Under state law, the county executive can appoint the chair and vice chair. Two years ago, Alsobrooks allowed the board to choose the vice chair, and it selected Burroughs.

In a letter to Alsobrooks, seven board members requested Burroughs be reappointed.

“If seven out of nine elected members are requesting to appoint someone as vice chair, I would think that any person who wants this to work would listen to that,” he said.

Alsobrooks responded with a letter saying elected member Sonja Williams was her choice and went on to say, “As we recover from this pandemic, we have urgent business ahead of us, so I respectfully request that we keep our conversations and efforts focused on our children, their parents and the teachers who educate them. Put plainly, I’m only interested in talking about the success of our kids and not expanding, protecting or respecting political power.”

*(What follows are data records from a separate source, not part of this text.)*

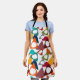 This apron has a mid-century modern design of scattered triangles, some with holes, in retro colours.
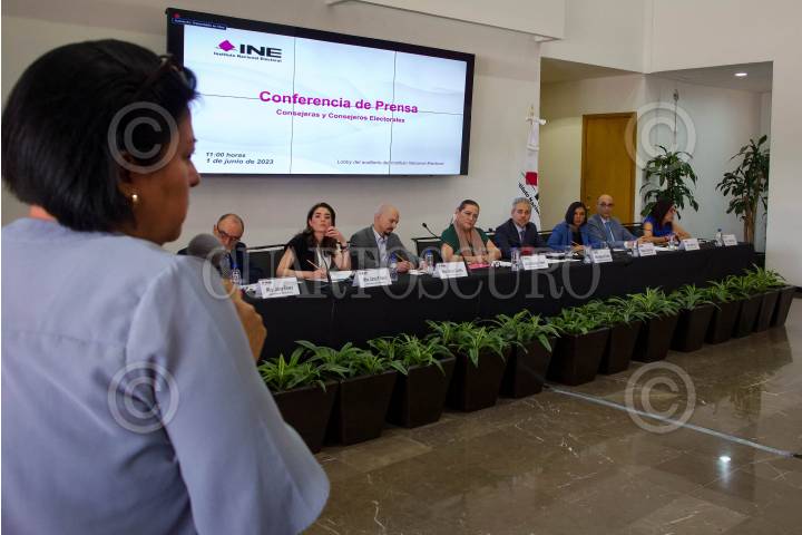 Jaime Rivera, Dania P Ravel, Arturo Castillo, Guadalupe Taddei, Miguel A. Patiño, Norma de la Cruz, Martín Faz y Claudia Zavala, durante la conferencia a medios en el INE.
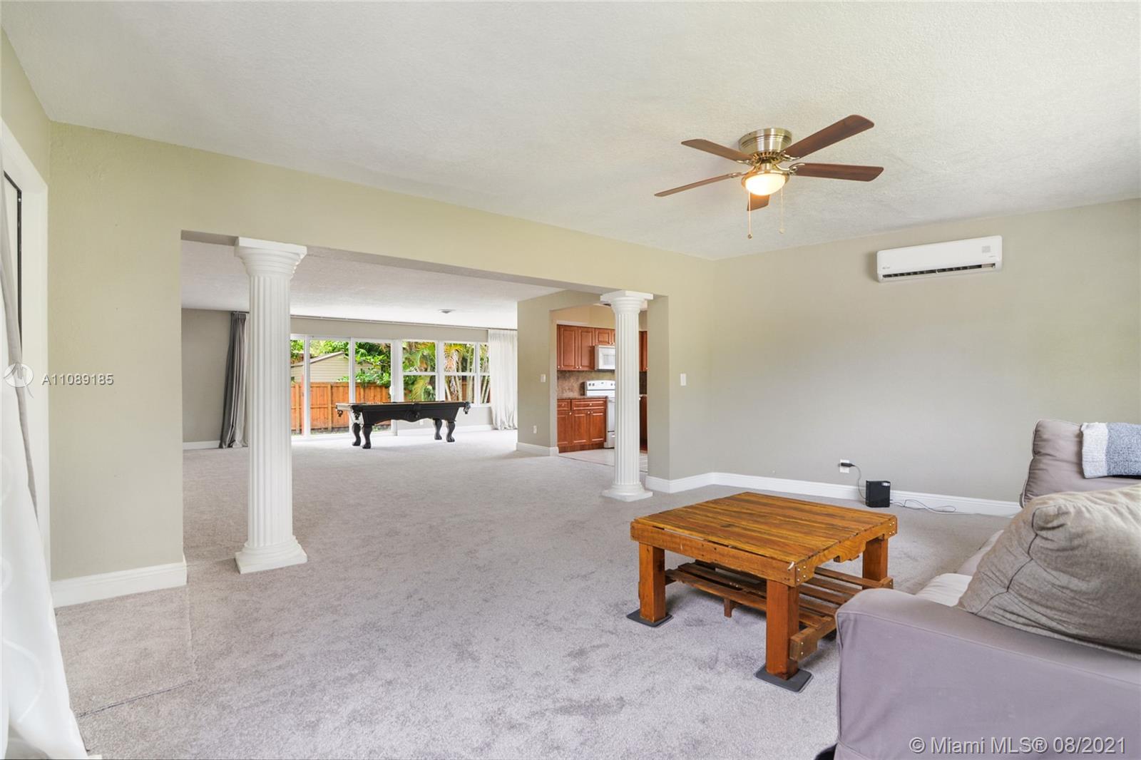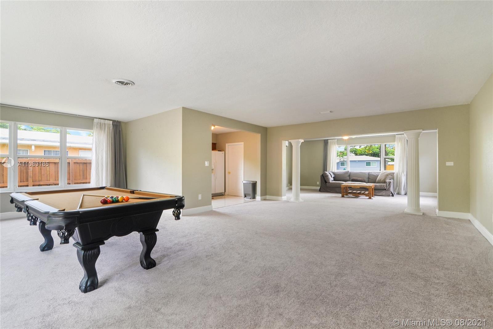 Light and breezy home on beautiful tree-lined street in Breeze swept Estates of North Miami. Open concept with 3 living spaces. Many options for at home office, playroom or multiple living areas. Home features 3 bedrooms, with 2 updated bathrooms, Master has ensuite bathroom. Brand new carpet throughout. Terrazzo underneath. Tile floors in kitchen and baths. Beautiful natural light. Impact windows and doors throughout. Large 2 car garage and separate laundry room. Roof and fence were redone in 2014. A/C motor was replaced and new dryer in 2021. New plumbing in 2021. Minutes from Barry University. Easy access to 95, airports and beaches.
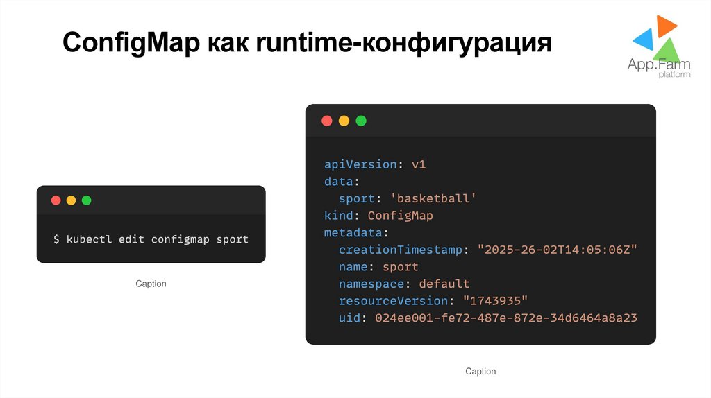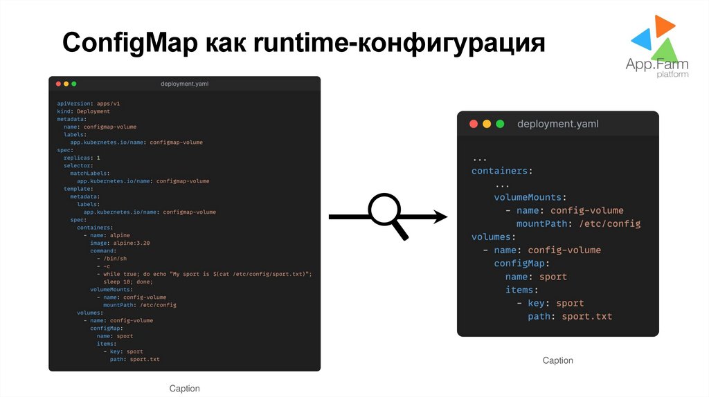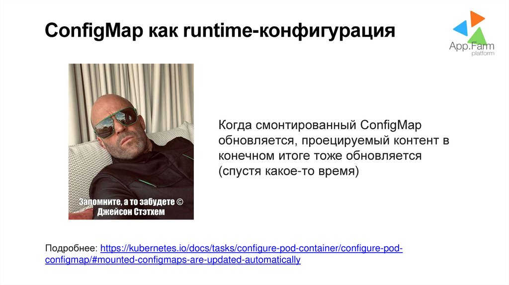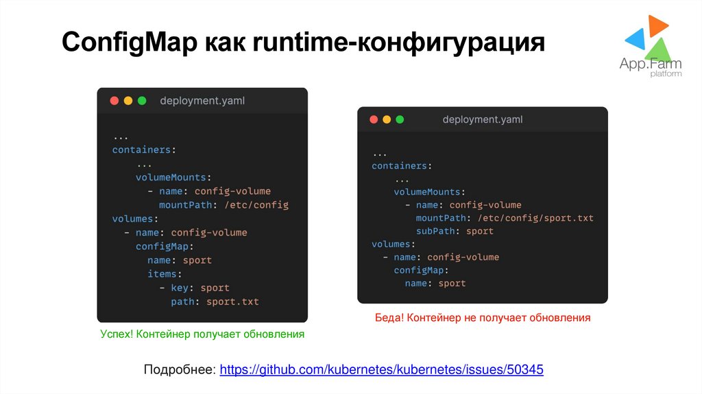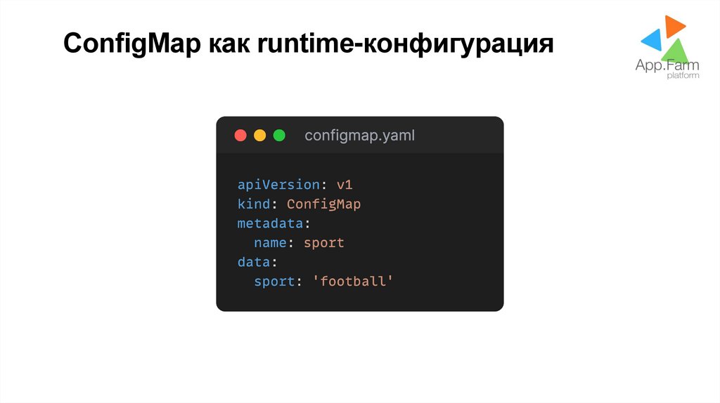 ConfigMap как runtime-конфигурацияКогда смонтированный ConfigMap
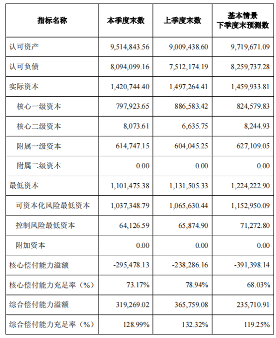据2023年第二季度偿付能力报告显示,截至今年二季度末,幸福人寿的综合偿付能力充足率为128.99%,较上季度末降低3.33个百分点;核心偿付能力充足率为73.17%,较上季度末降低5.77个百分点。
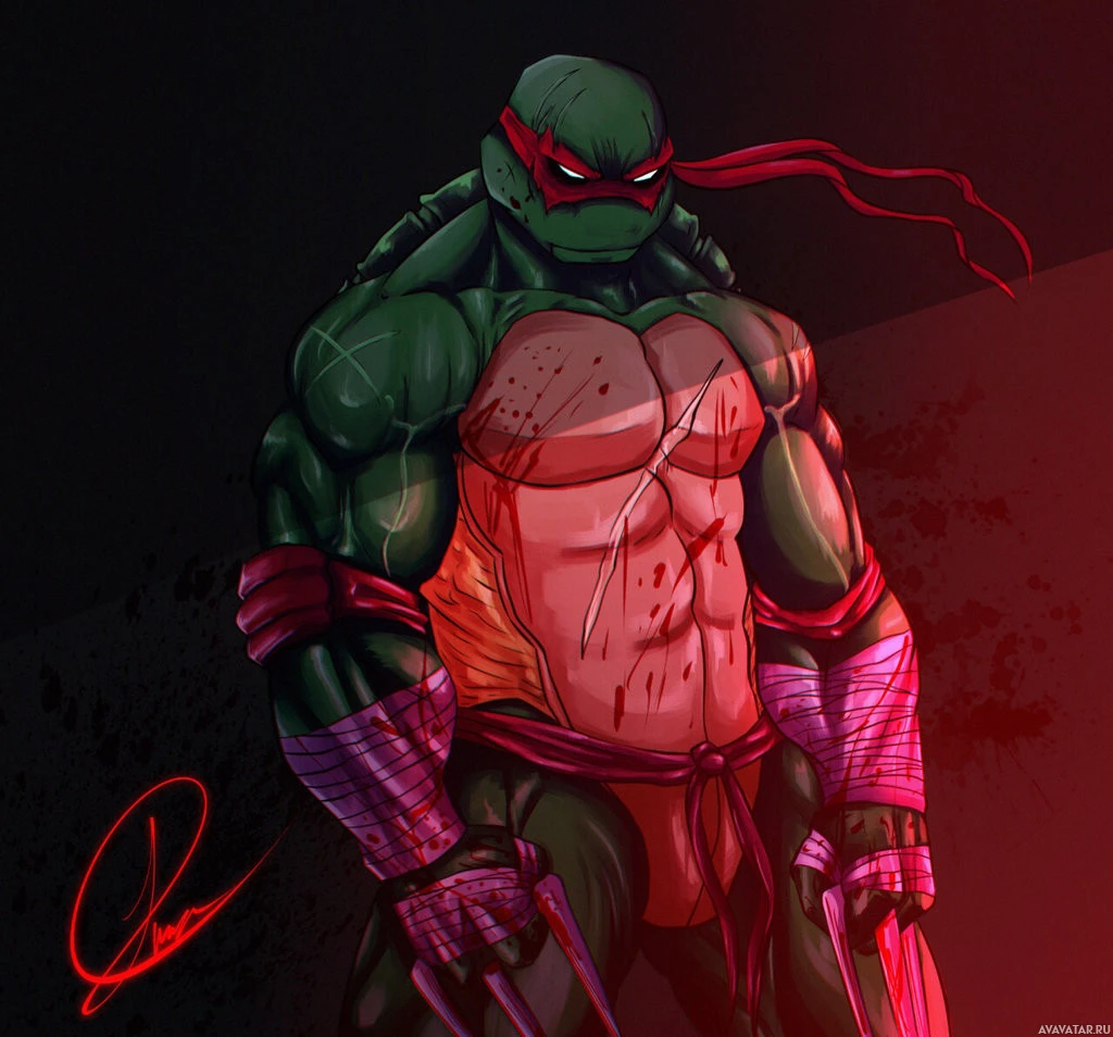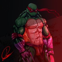 Mutant Ninja Turtle named Raphael. He is shown with

Former Chair Dr. Alvin Thornton declined to be reappointed as chair of the school board. Alsobrooks appointed retired educator and former Maryland Delegate Juanita Miller to replace him.

“Any time you have an elected body, an appointed body, you have new leadership, you have an election, it's going to be difficult,” Thornton said.

The board was divided for half a decade with many focused on pushing out previous Superintendent Kevin Maxwell. It's been quiet for the past two years under the new leadership of CEO Monica Goldson and Thornton.

He said he hopes the unity he brought to the Board will continue.

“There's nothing new about a shift in power on the Board,” Thornton said. “It's how we make sure we remain student-centered and education does not become unnecessarily political football that loses site of its purpose.”

The appointments come as the school system needs to focus on closing an achievement gap made wider by distance learning.